BRIEF: The reply is a verbatim copy of the listing below with its images dropped.

DATA EXTRACT:
┄┄┄┄┄┄┄┄┄┄

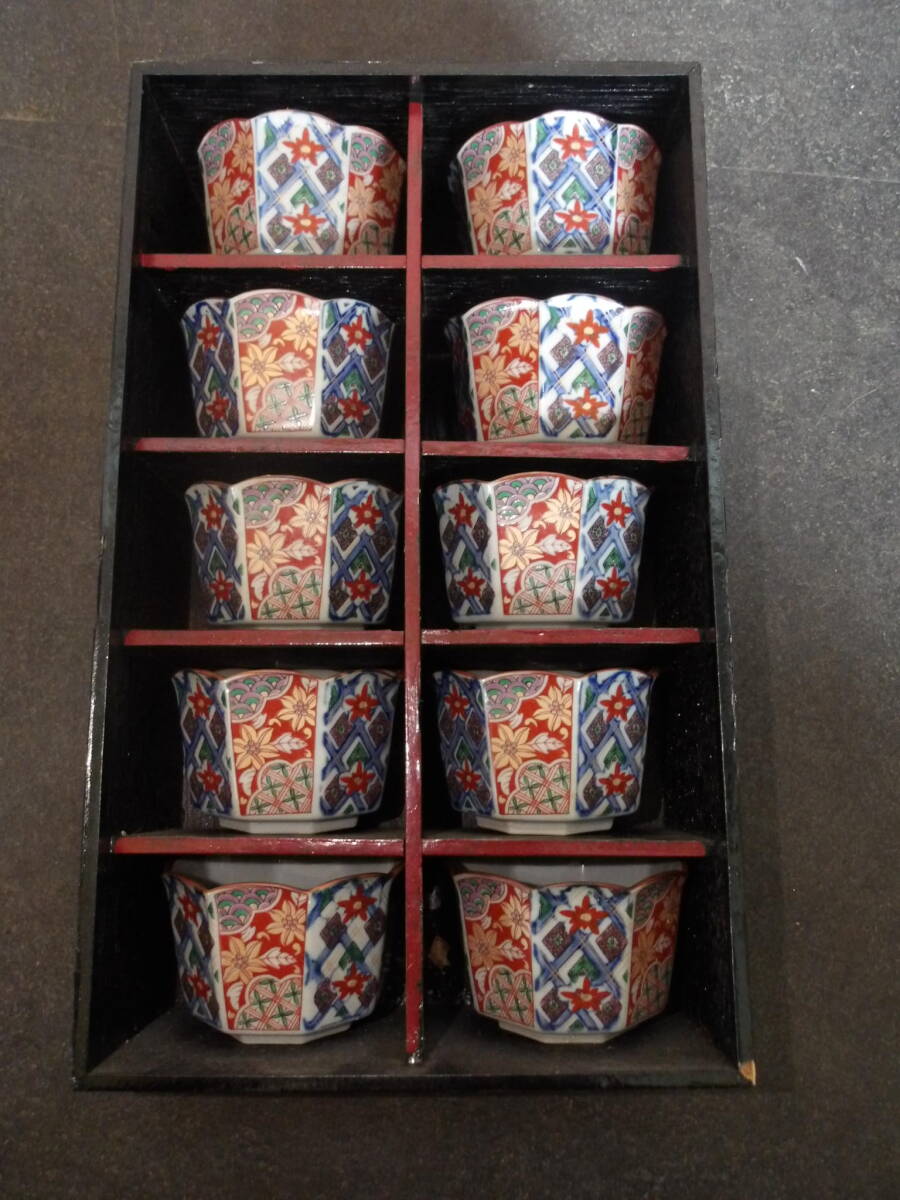 | 【4159】当時物 室内保管 木箱付き 有田焼 古伊万里文様小鉢 10個セット 日本陶器 陶磁器 工芸品 陶器 和製 レトロ アンティーク | |
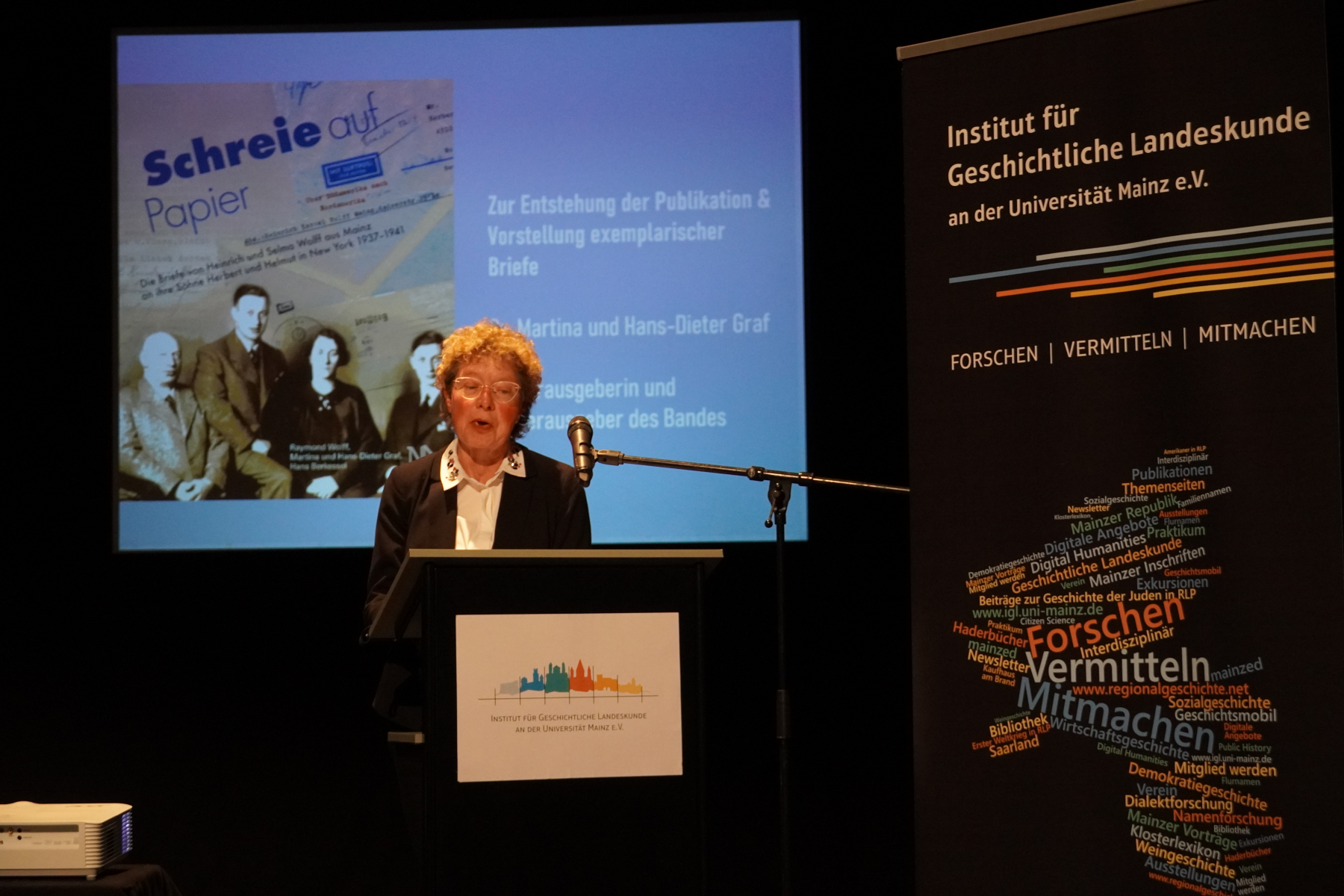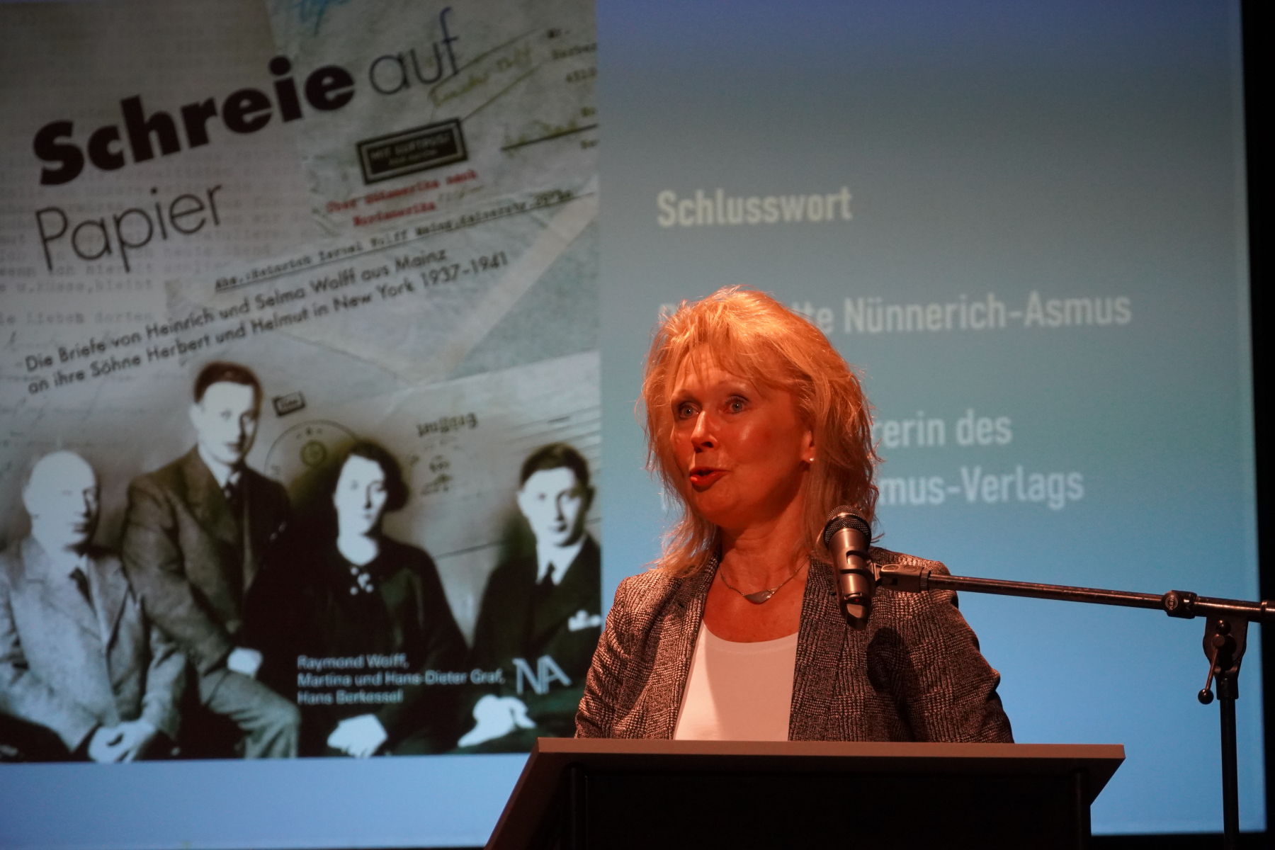 Auch Marianne Grosse, Kulturdezernentin der Stadt Mainz, betonte in ihrem Grußwort die Bedeutung regionaler Erinnerungskultur: „Diese Briefe sind von unschätzbarem historischem Wert für unsere Stadt!“ Das Buch sei eine Mahnung für die heutige Zeit, aktiv an einer toleranten Gesellschaft mitzuwirken. Daran knüpften auch andere Einrichtungen und Gedenkorte an, so etwa das künftig entstehende Mahnmal am ehemaligen Mainzer Güterbahnhof, von dem aus die Mainzer Jüdinnen und Juden im März und September 1942 deportiert wurden – darunter auch das Ehepaar Wolff.
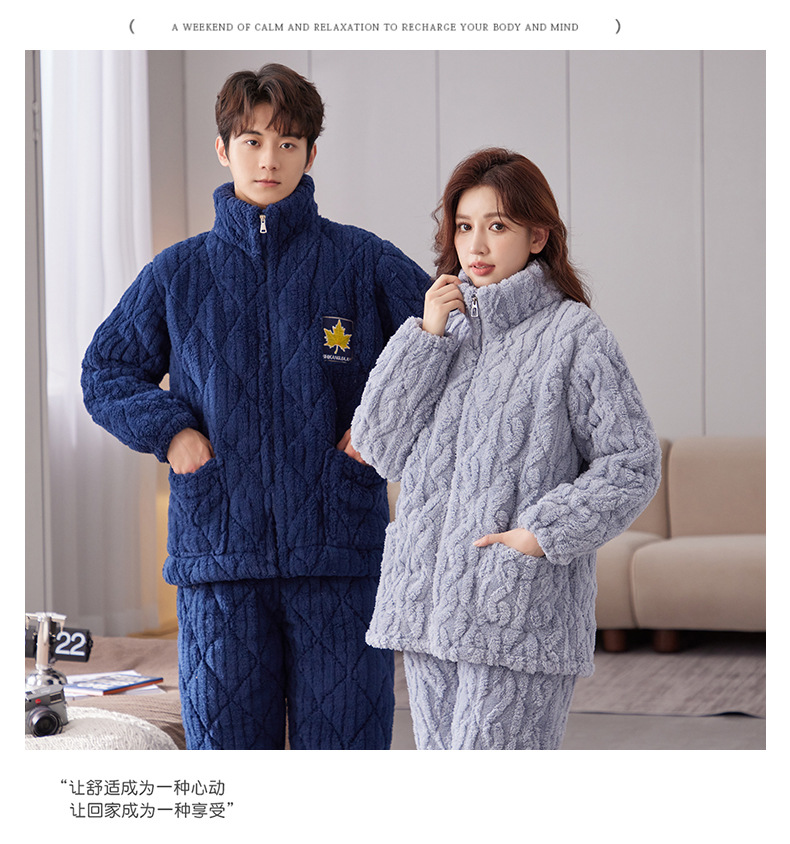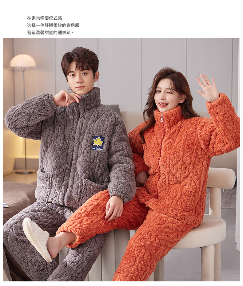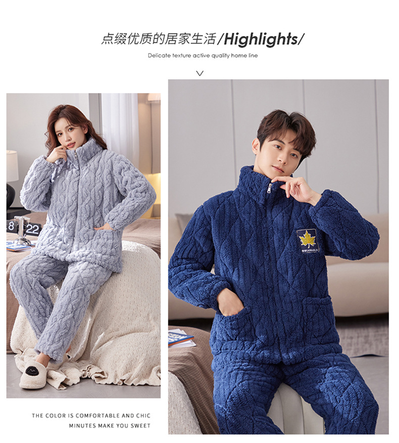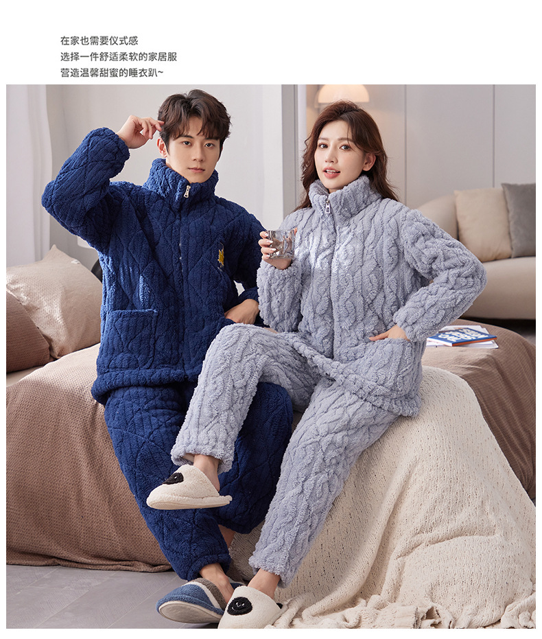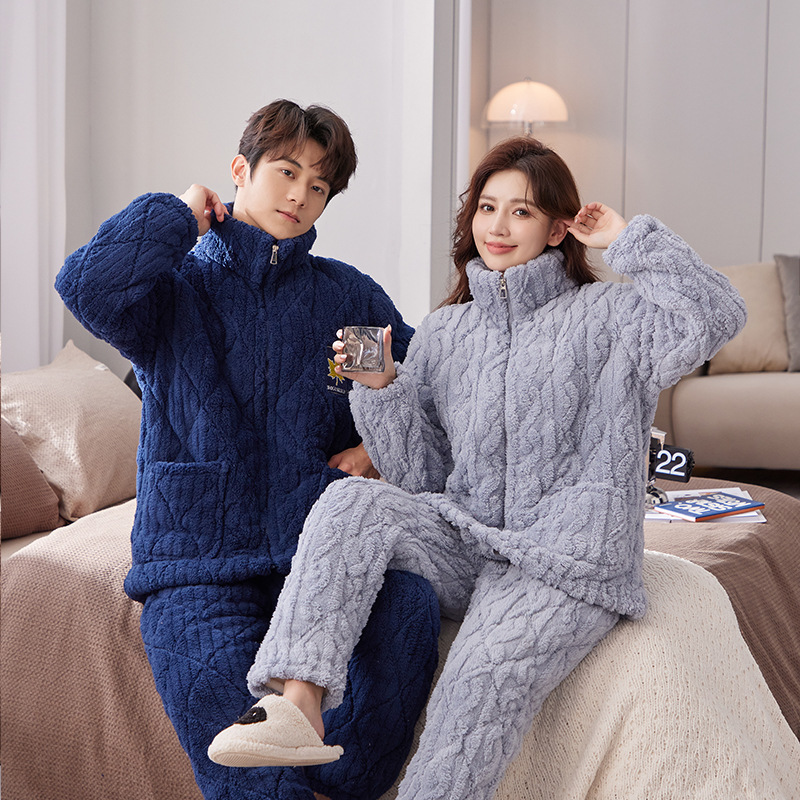 잠옷 남자의 겨울 두꺼운 기모 3 층 면화 재킷 세트 겨울 플란넬 여성용 따뜻한 집 옷스토어 가기

┄┄┄┄┄┄┄┄┄┄

RESPONSE AREA:
 | 【4159】当時物 室内保管 木箱付き 有田焼 古伊万里文様小鉢 10個セット 日本陶器 陶磁器 工芸品 陶器 和製 レトロ アンティーク | |
 Auch Marianne Grosse, Kulturdezernentin der Stadt Mainz, betonte in ihrem Grußwort die Bedeutung regionaler Erinnerungskultur: „Diese Briefe sind von unschätzbarem historischem Wert für unsere Stadt!“ Das Buch sei eine Mahnung für die heutige Zeit, aktiv an einer toleranten Gesellschaft mitzuwirken. Daran knüpften auch andere Einrichtungen und Gedenkorte an, so etwa das künftig entstehende Mahnmal am ehemaligen Mainzer Güterbahnhof, von dem aus die Mainzer Jüdinnen und Juden im März und September 1942 deportiert wurden – darunter auch das Ehepaar Wolff.
 잠옷 남자의 겨울 두꺼운 기모 3 층 면화 재킷 세트 겨울 플란넬 여성용 따뜻한 집 옷스토어 가기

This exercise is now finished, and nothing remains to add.